The following experiments were conducted in a magnetically enhanced reactive ion etcher (MERIE). Slide 1 describes a method for measuring ARDE where a series of contact holes with variable CD’s is printed and etched simultaneously. The etch depth for each hole size is measured by cross section SEM. This method allows to determine the average etch rate as a function of CD and etch time, final etch depth and final aspect ration. It requires that features with variable CD's are part of the photomask.
In case these special litho features are not available, an etch time scan can be used. Several wafers with the same pattern are etched for a series of etch time and the etch depth for each hole size is measured. Gives the average etch rate as a function of etch time, final etch depth and final aspect ratio (slide 2).
In order to truely measure the etch rate as a function of aspect ration, the change in etch depth has to be determined for an infinitely small etch time. In this method, several wafers with the same pattern are etched for a series of etch times. The etch depth of each hole size is measured. The same wafers are etched for a short time and the change in depth is measured again (slide 2). Using this method, the etch rate can be expressed as a function of the aspect ratio as shown in slide 3, where BPSG was etched in a C4F8, CO, Ar chemistry. For an aspect ratio of around 1, the etch rate is 350 nm/min and is drops to 100 nm/min for an aspect ratio of 5.

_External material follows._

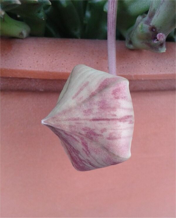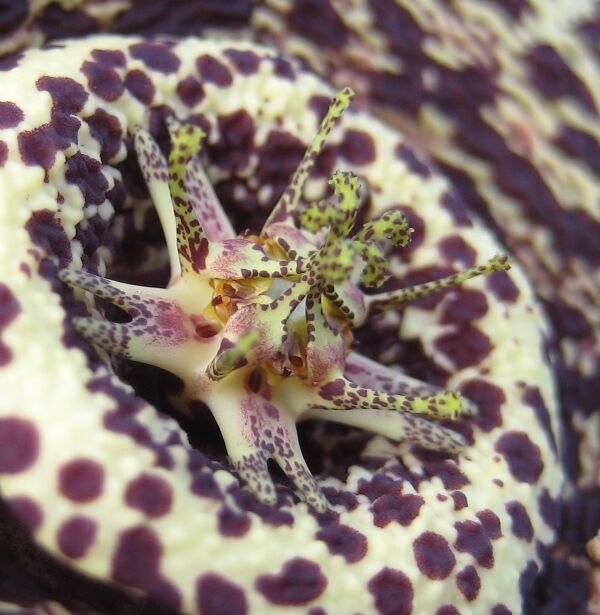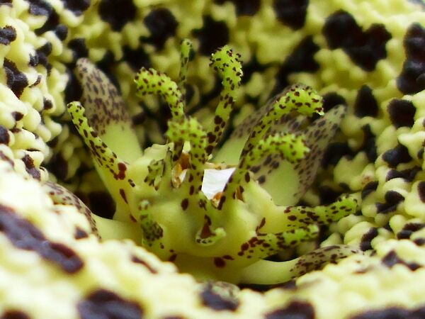 Небольшой суккулент, образующий куртину 50-200 мм (-1 м) в диаметре, не корневищный. Стебли 25-100 мм длиной, 5-10 мм толщиной (без зубцов), (коротко) полегающие, зелёные с пурпурно-коричневыми крапинками; бугорки 3-9 мм длиной, расположены рыхло в 4 тупых ряда вдоль стебля с бороздкой между рядами, сужаются в расходящиеся до восходящего конического острого зубца, часто с мелкими зубчиками по обеим сторонам у вершины. Соцветие по 1 на стебле у основания, из 1-3 цветков, развивающихся последовательно из короткого цветоноса (до ± 10 мм длиной), с несколькими мелкими шиловидными прицветниками (<1,5 мм длиной); цветоножка 20-60 мм длиной, 2-3 мм толщиной, горизонтальная, обычно с восходящей вершиной, удерживающей цветок вверх, от бледно-зелёной до розоватой с красно-фиолетовыми прожилками; чашелистики 5-8 мм длиной, 2-3 мм шириной в основании, от яйцевидных до яйцевидно-ланцетных, от острых до заострённых. Венчик 45-80 мм в диаметре, ± поворот; снаружи гладкие, бледно-кремово-зелёные с красно-фиолетовыми прожилками к концам лопастей; внутри морщинистое на кольце, поперечно морщинистое на лопастях становится почти гладким к концам, а также к основанию трубки и за краем кольца, от кремового до зеленовато-жёлтого с разнообразными пурпурно-коричневыми пятнами с меньшим количеством и более мелкими точками на кольце; трубка неглубоко чашеобразная, образована кольцом вокруг гиностегия, кольцо от пятиугольного до круглого и диаметром 18-23 мм, неглубоко чашеобразное с распространением к загнутому и более тонкому краю, с густым кольцом коротких торчащих цилиндрических щетинок в основании вокруг гиностегия; лопасти 16-25 мм длиной, 12-21 мм шириной в основании, яйцевидные, от острых до коротко заострённых, от раскидистых до слегка загнутых, края реснитчатые. Венчик ± 8 мм высотой, 12-15 мм шириной, приподнят над основанием трубки на короткой цилиндрической ножке <1 мм высотой; наружные лопасти 4-6 мм длиной, 2 мм шириной, расходящиеся восходящие, линейно-продолговатые, слегка сужающиеся к 2-3-зубчатой вершине, в центре немного толще, чем к бокам, кремовые с пурпурно-коричневыми точками (у основания более крупное пурпурно-коричневое пятно). под направляющей); внутренние лопасти 3-4 мм длиной, прижаты к спинкам пыльников, затем приподнимаются, сближенно-прямые в центре и загнуты к концам, дорзивентрально уплощённые и яйцевидные у основания, затем сужаются до почти теретных и с булавовидно-бугорчатой вершиной, при этом восходящие слегка расширяются, латерально уплощённые спинной рог длиной до 3-4 мм ниже уровня пыльников также с булавовидно-бугорчатой вершиной, кремовый с пурпурно-коричневыми точками[2].

Slide 4 shows the effect of ARDE for several different types of oxides: silane oxide, BSG, BPSG, and PSG. The results show that ARDE varies for different types of oxides. It appears to be more pronounced for slower etching oxides, in particular PSG. This can be explained with the mechanism that leads to ARDE which involves the balance between etching and polymer deposition. Slide 5 shows a more detailed comparison between TEOS and BPSG where the faster etching BPSG exhibits less ARDE than the slower etching TEOS. For a 320 nm hole and the recipe used in this particular experiment, TEOS runs into etch stop after 200 s.
Since ARDE is a result in a change of the balance wetween etch and deposition as the the aspect ration increases, one would expect that any external influence on the polymer precurser density in the plasma, their transport down into the feature and their deposition rate will impact ARDE. Since the mask resist is being etched in the process and the etch by-products of this process contribute to the plasma chemistry, one would expect that ARDE is also a function of the resist type which is being used. Slide 6 shows that for the same type of BPSG oxide and similar feature sizes, i-line resist exhibits severe ARDE much sooner than DUV resist. The surprizing element of this finding is that DUV resist etches faster than i-line resist. The explanation must be in the difference in the chemical composition of the reaction by-products.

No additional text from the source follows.